> [What is being asked] Print, with no pictures, the exact lines that run from the one containing "Edelstahl Trinkflasche personalisiert" through the last line of the material below, both ends included.

> [Source data]

···

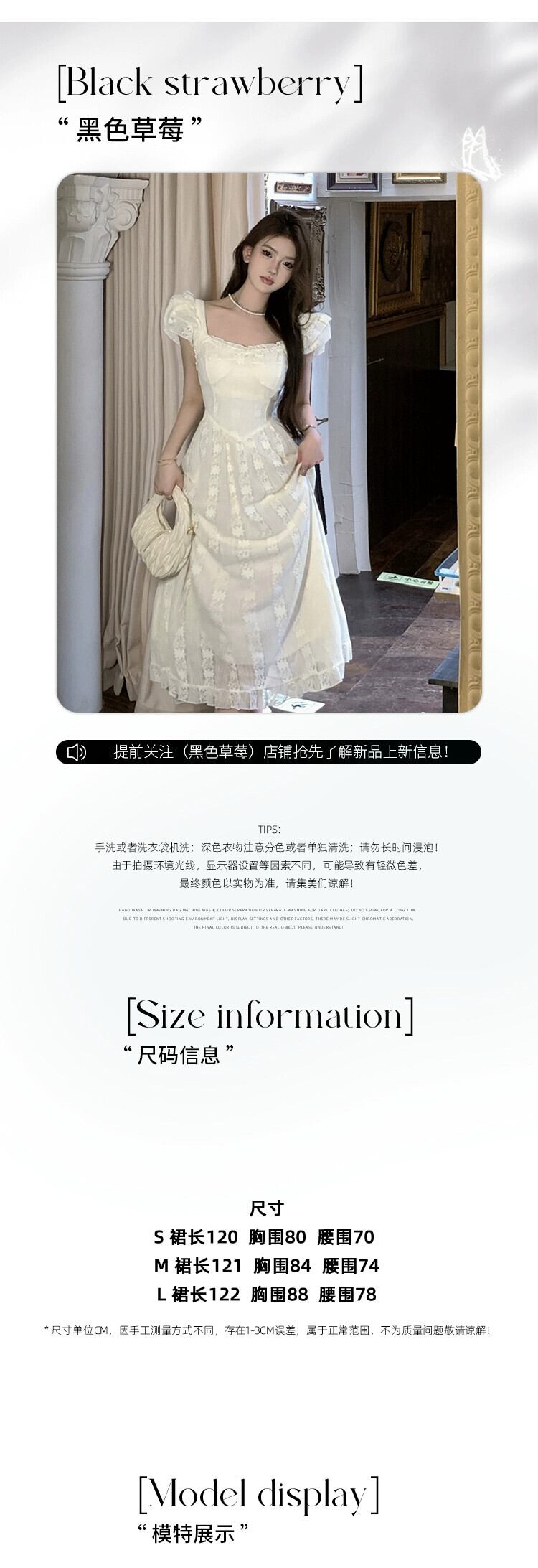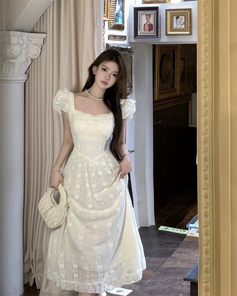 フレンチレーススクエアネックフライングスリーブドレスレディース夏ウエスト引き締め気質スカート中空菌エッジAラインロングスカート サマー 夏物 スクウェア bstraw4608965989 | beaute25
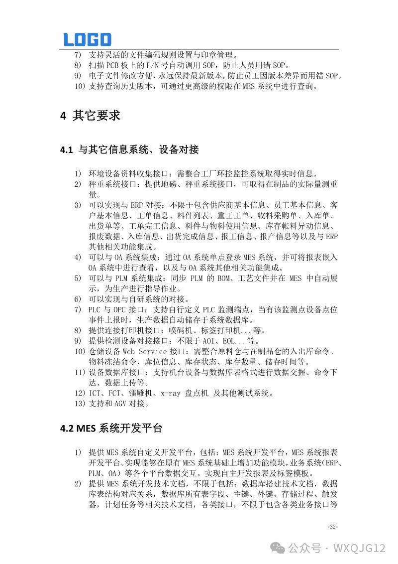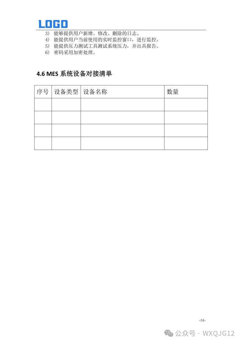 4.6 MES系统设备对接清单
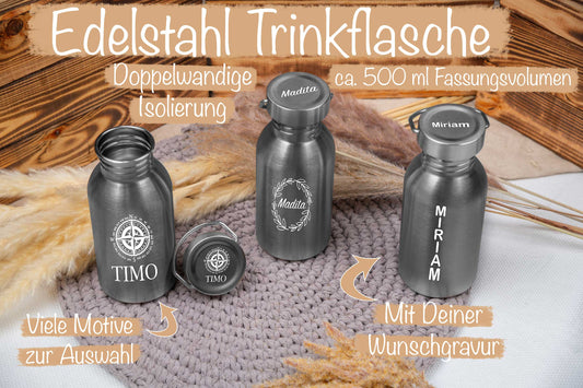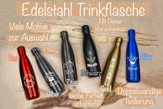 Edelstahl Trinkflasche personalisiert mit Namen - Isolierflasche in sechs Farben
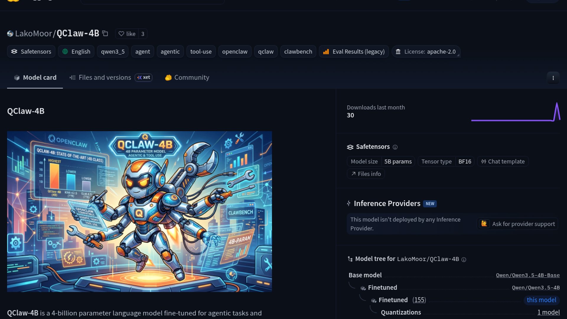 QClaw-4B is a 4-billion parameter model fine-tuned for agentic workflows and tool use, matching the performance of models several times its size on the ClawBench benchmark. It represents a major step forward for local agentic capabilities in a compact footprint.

···

> [Answer for the task]
 Edelstahl Trinkflasche personalisiert mit Namen - Isolierflasche in sechs Farben
 QClaw-4B is a 4-billion parameter model fine-tuned for agentic workflows and tool use, matching the performance of models several times its size on the ClawBench benchmark. It represents a major step forward for local agentic capabilities in a compact footprint.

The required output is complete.